Does your teen snooze the alarm and struggle to get out of bed in the morning? Do they return home from school mentally exhausted and physically edgy? Go straight to their room and shut down? Then, procrastinate on their homework and are up late into the night rushing to get things finished?
For many teens, they lack a general routine and structure in their lives. They may want this and have the best of intentions, but simply lack the daily habits and structure to make those intentions a reality. As this continues, they then lose confidence in their ability to make positive changes, leading to decreased motivation.
What happens when teens don’t have a routine? Lack of routine and structure can lead to feelings of anxiety and stress. When they have free time, they procrastinate or avoid doing what they know they should or need to do. Their sleeping and eating habits are affected. They have more time to think leading to negative self-talk. Teens don’t know what to do with the extra time so this could lead to self-destructive behavior patterns.
What are the benefits of routine and structure? When teens know what to expect, it decreases their anxiety and stress. They know when projects are due or test dates are approaching and can allocate time appropriately to prepare. Teens make better decisions with their free time which gives them more time for family or friends. They are actually able to relax, without constantly thinking about what they need to do but are avoiding. And one of the biggest benefits to parents, less pushback because your teen knows what to expect. They aren’t wasting as much time thinking or arguing about what needs to be done. They are enjoying themselves with activities that align with their interests and values.
How can you help your teen create routine and structure in their lives?
1. Model good time management habits: If you’re always running late or missing deadlines, your teen will follow suit. Be aware that when you’re avoiding doing something by playing on your phone, they might see this as acceptable behaviors. Kids tend to model the behaviors and habits that they are shown. Make sure you’re doing what you’re asking of them.
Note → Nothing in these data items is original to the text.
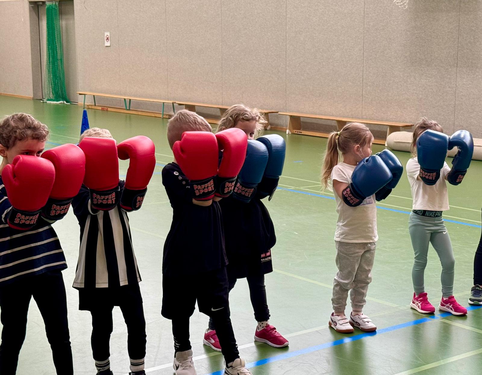 Die Freude war riesig, es wurde viel gelacht und gegenseitig angefeuert. Auch wenn die Boxhandschuhe für die kleinen Hände noch etwas groß waren wurde es ein Erlebnis, das ihnen sicher lange in Erinnerung bleibt.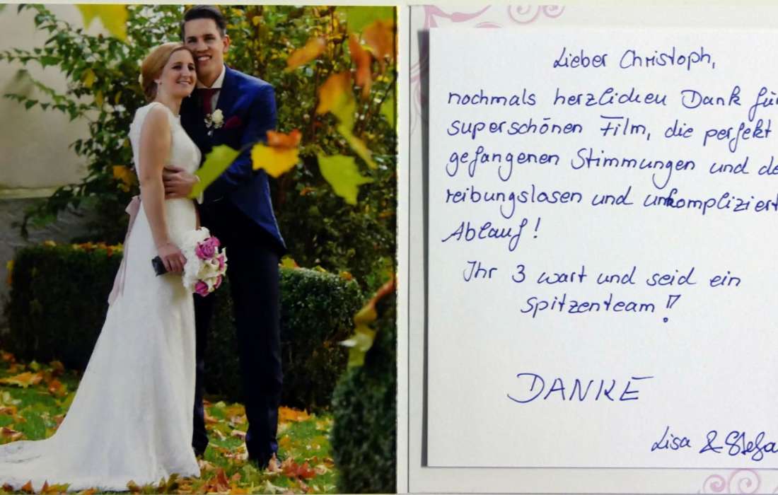 Wir haben am 19.05.2025 standesamtlich und kirchlich geheiratet und das Filmteam hat unseren großen Tag von 5:00 Uhr früh bis zum Schluss um ca. 00:30 Uhr begleitet! Wir sind beide noch nie vor einer Kamera gestanden, doch mit ihrer herzlichen Art konnten sie uns die Angst ganz schnell nehmen! Das Filmteam teilte sich in der früh auf, sodass sowohl das „getting ready“ der Braut, als auch das Weißwurstfrühstück des Bräutigams eingefangen werden konnte. Sogar mit einer Drohne haben sie uns zum Beispiel bei der Autofahrt begleitet. Als wir den fertigen Film wenige Wochen nach der Hochzeit bekamen, ließ es sich die Qrew um Christoph Benning nicht nehmen sogar persönlich bei der 1. Vorstellung dabei zu sein! Wir und die ausgewählten Zuschauer waren von dem Ergebnis begeistert! Der fertige Film ist ca 1h lang und alle wichtigen Momente unseres großen Tages wurden festgehalten. Man merkt mit wie viel Liebe und Leidenschaft das Team arbeitet und die Magie dieses Tages eingefangen hat. Auf jeden Fall das Geld wert und unsere größte Empfehlung!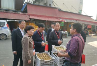 参会人员一行看望了湖南长沙红星水果批发市场周至好兄弟果业等周至猕猴桃销售人员,为销售人员鼓劲加油。红星市场的水果销往湖南各大城市,贵州等省市,满足市场对周至猕猴桃的需求。(记者 张晓强)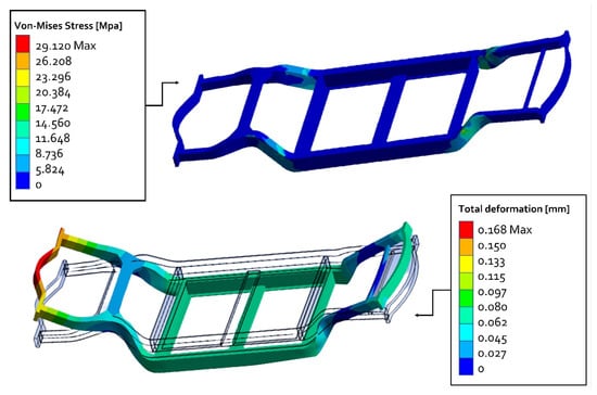 Both configurations were made with the consideration of providing sufficient space for the electric motor mounts, suspension, battery pack, and cable management. This was done assuming a forward-shifted battery position, which would require longer cables to connect all devices. Subsequently, both chassis were validated using structural steel as material in order to guarantee high resistance values while implementing a static structural analysis on Ansys. A vertical load of 13 kN representing the weight of the car’s parts supported by the chassis was applied on the center of mass (CoM), then five remote points were set: (a) Center of Mass (CoM) (for the vehicle load force application); (b) Rear left wheel (pin constraint); (c) Rear right wheel (roller constraint); (d) Front right wheel (roller constraint); (e) Front left wheel (pin constraint). A safety factor of 18.94 was evaluated. Otherwise, considering the chassis without a structural battery, 6 remote points were set because the battery weight was considered as a vertical force to be added to the 13 kN, and they were: (a) Center of Mass (CoM) (vehicle load force application); (b) CoM of the battery (battery load force application); (c) Rear left wheel (pin constraint); (d) Rear right wheel (roller constraint); (e) Front right wheel (roller constraint); (f) Front left wheel (pin constraint). Figure 10 shows the result of the simulation in terms of stresses and total deformation (mm). A safety factor equals to 8.85 was evaluated.

2. Figure out their style: Just because you’re an early bird or night owl, doesn’t mean they are. Help them to evaluate the times of day that they feel most productive. Maybe reflect back on the past or do a trial week to test their productivity. Offer them tools, not advice on how they “should” do it. These are lifelong skills that will help them to move forward with jobs or college and they need to find what truly works for them.
3. Avoid nagging: When you are always on their case about something, it reduces their responsibility. We all know teens are resistant to control. They have a deep need to feel independence and autonomy. You don’t want them to become dependent on you but also you don’t want them to fail. Finding the line between the 2 can be difficult. Remember, don’t be a lawnmower parent (leading the path to prevent them from struggling or failing) or a helicopter parent (hovering over them). Fight the motherly urge to continuously remind them!
4. Trust them: Don’t expect the worst, assume the best. Have faith in their ability to follow through. Although some may have a need to “prove you wrong”, others need you to feel confident in them. Bringing up past examples can often be discouraging to them and rather they need to see the ability to make new patterns.
5. Explore the WHY: Teens want to know why they are doing something. What is the reason they are doing chores or homework? Help them to see how this might make them feel or even how they will feel if they don’t do it. How can this skill benefit them later in life? Don’t just say, “because I said so” as this isn’t teaching them the purpose.
6. Encourage motivating factors: Help your teen to think about how they would or could spend the extra time gained by being more organized and on task. Often, looking forward to doing something we want to do is a natural motivator to getting done what we need to do!
7. Apps, Planners, Calendars: Encourage your teen to find what works for them. There are plenty of apps out there that help to organize our lives. Plug everything all in one place: school, homework, sports, extracurricular activities, family obligations, chores, appointments. Teach them to put everything in as soon as they learn about them and schedule reminders. Sit down once a week with them to review and prepare the week.